■ **Collected material**:
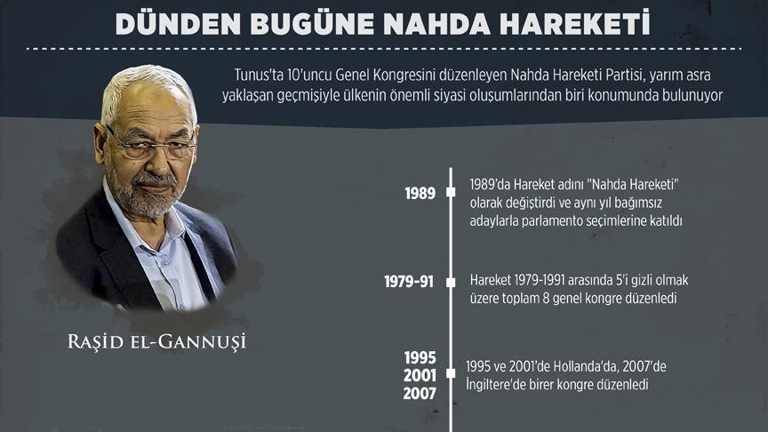 Tunus'ta 10'uncu Genel Kongresini düzenleyen Nahda Hareketi Partisi, yarım asra yaklaşan geçmişiyle ülkenin önemli siyasi oluşumlarından biri konumunda bulunuyor.
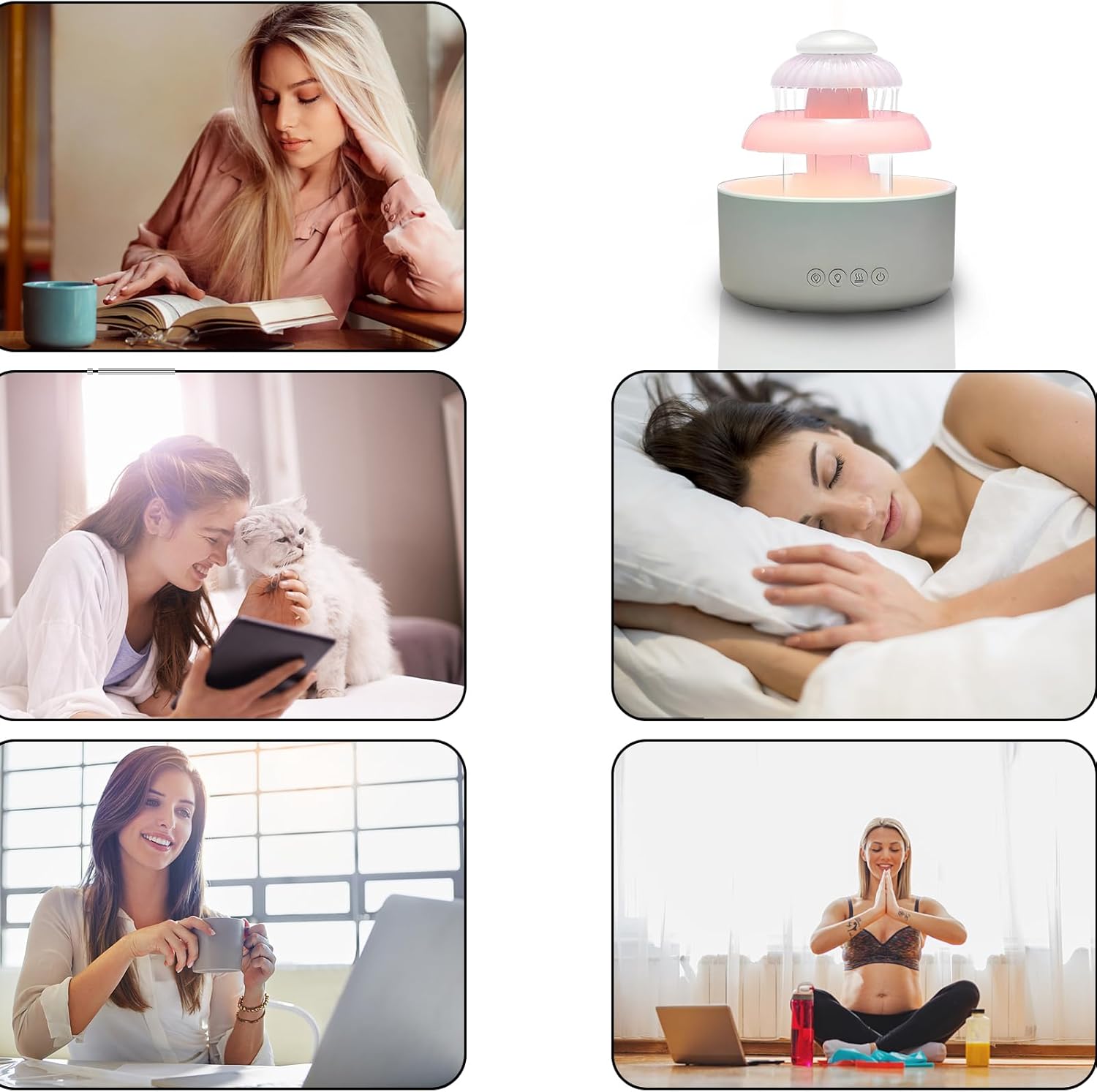 مش بس بترطّب الجو، لأ كمان بتعمل صوت مطر حقيقي مع قطرات بتنزل زي الواقع! هتحس إنك نايم على شباك في يوم شتا دافي.
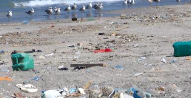 أﻛﺜﺮ ﻣﻦ 84 بالمائة ﻣﻦ اﻟﻨﻔﺎﻳﺎت في البيئة اﻟﺴﺎﺣﻠﻴﺔ هي ﻣﻦ البوليمرات الاﺻﻄﻨﺎﻋﻴﺔ وﺧﺎﺻﺔ اﻟﺒﻼﺳﺘﻴﻚ

■ **Exercise instructions**:
Nothing should appear in the answer except the lines from the one containing "مش بس بترطّب" through the last line of the listing, given again exactly and with no pictures.

■ **Problem solution**:
 مش بس بترطّب الجو، لأ كمان بتعمل صوت مطر حقيقي مع قطرات بتنزل زي الواقع! هتحس إنك نايم على شباك في يوم شتا دافي.
 أﻛﺜﺮ ﻣﻦ 84 بالمائة ﻣﻦ اﻟﻨﻔﺎﻳﺎت في البيئة اﻟﺴﺎﺣﻠﻴﺔ هي ﻣﻦ البوليمرات الاﺻﻄﻨﺎﻋﻴﺔ وﺧﺎﺻﺔ اﻟﺒﻼﺳﺘﻴﻚ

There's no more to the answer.